Gas Prices Down A Smidgeon

Chris Rebitzke makes changes to gasoline prices at a gas station in Beaverton, Ore., Wednesday, April 19, 2006. Consumer prices shot up in March, reflecting higher costs for gasoline, clothing and hotel rooms, with core inflation rising by the biggest amount in a year. (AP Photo/Rick Bowmer) AP Photo/Rick Bowmer

U.S. gas prices declined in the past two weeks, but hardly enough to provide relief for summer travelers, a nationwide survey released Sunday showed.

The average price for self-serve regular gas on Friday was down 4.5 cents to $2.89 a gallon, according to the Lundberg Survey of 7,000 gas stations across the country.

The American Automobile Association's Fuel Gauge Report Web site reported the national average Monday morning for regular gasoline as $2.84, down about a penny in the last month.

"These slight declines in prices were in the cards, as our refining capacity was coming back up from work projects and from hurricane damage of last year and from high imports of gasoline," Trilby Lunderg told CBS Radio News.

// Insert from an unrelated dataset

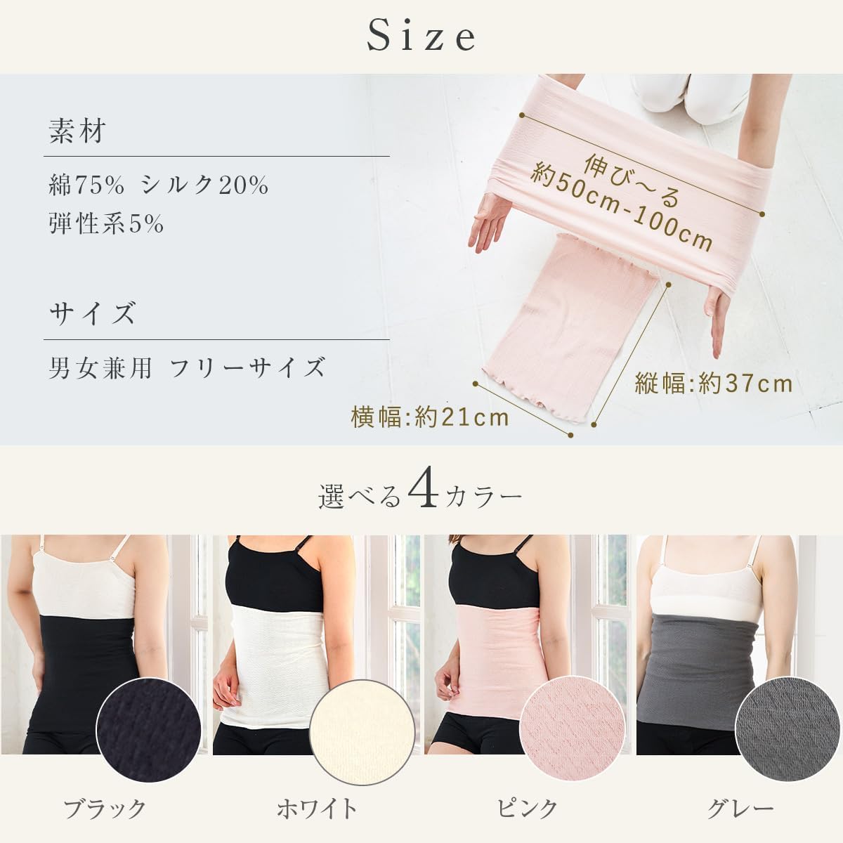 ■商品説明 多数の温活アイテムを扱うミッシーリストの大人気アイテムの「シルク腹巻」。着心地がいい上に、優秀な保温・保湿効果で冷えを防ぐので女性や妊婦さんから大人気。使い続けるうちに代謝のいい温かい身体をキープしてくれます。多くのママ向け雑誌やメディアでご紹介いただいる理想のインナー「シルク腹巻」は、縫い目がなく着心地が良い。伸縮性が良くストレスフリー。温かいのに薄く、着ぶくれしない。洗濯機で洗えるためお手入れも簡単。このように、1年中美容や健康のために「温活」を続けてほしいからこだわりの特徴が多くあります。また、ミッシーリストで扱うシルクは日本でわずかしかない特殊な機械を使って丁寧に編み上げて作られています。秋冬の冷え対策だけでなく、春夏の冷房対策にも最適です。シルク腹巻のカラーバリエーションはブラック(黒)、ピンク、ホワイト(白)・グレーからお選びいただけます。 (複数枚ご購入の場合、旧パッケージと新パッケージの商品が混在する場合がございます。 商品は同一のものですのご安心くださいませ) ■原材料 綿75%、シルク20%、弾性糸5% ■サイズ ウエスト約50センチ~100センチ(大きく伸縮します) ■カラー ブラック・ピンク・ホワイト・グレー ■原産国 日本
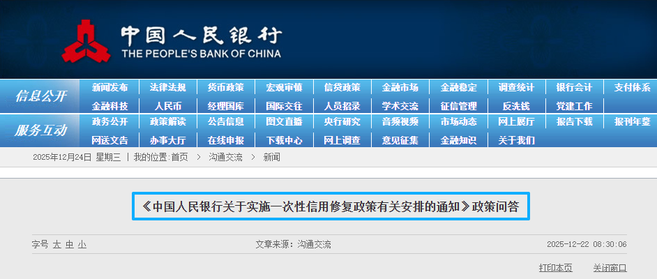 12月22日,为支持信用受损但积极还款的个人高效便捷重塑信用,助力经济持续向好,中国人民银行发布《中国人民银行关于实施一次性信用修复政策有关安排的通知》,明确央行征信系统(金融信用信息基础数据库)对符合条件的个人逾期信息作不予展示处理。

The break is nice, says Lundberg, but not when compared to last year.

"In the past seven weeks, gasoline prices are down about 6 cents. They peaked back in early May. But the price had gone up about 77 cents since late last year," she said.

The average mid-grade price was $2.99 a gallon while premium ran $3.09.

Charleston, S.C., had the lowest average price of gas in the U.S., selling at $2.61 a gallon. The highest average pump price, at $3.26 per gallon, was in Honolulu.

Lundberg said there are two reasons why the price decline was so slight.

"High crude oil prices and also recent ethanol prices. Petroleum refiners are required to buy minimal volumes of ethanol from ethanol refiners, and with the import tariff on ethanol, the supply of ethanol has been very tight," she said.

Prices of those (crude oil and ethanol) are not likely to crash any time soon. Therefore, here we are in the summer driving season, demand is flat but not shrinking. I expect that gasoline prices will neither rise nor fall to a great degree."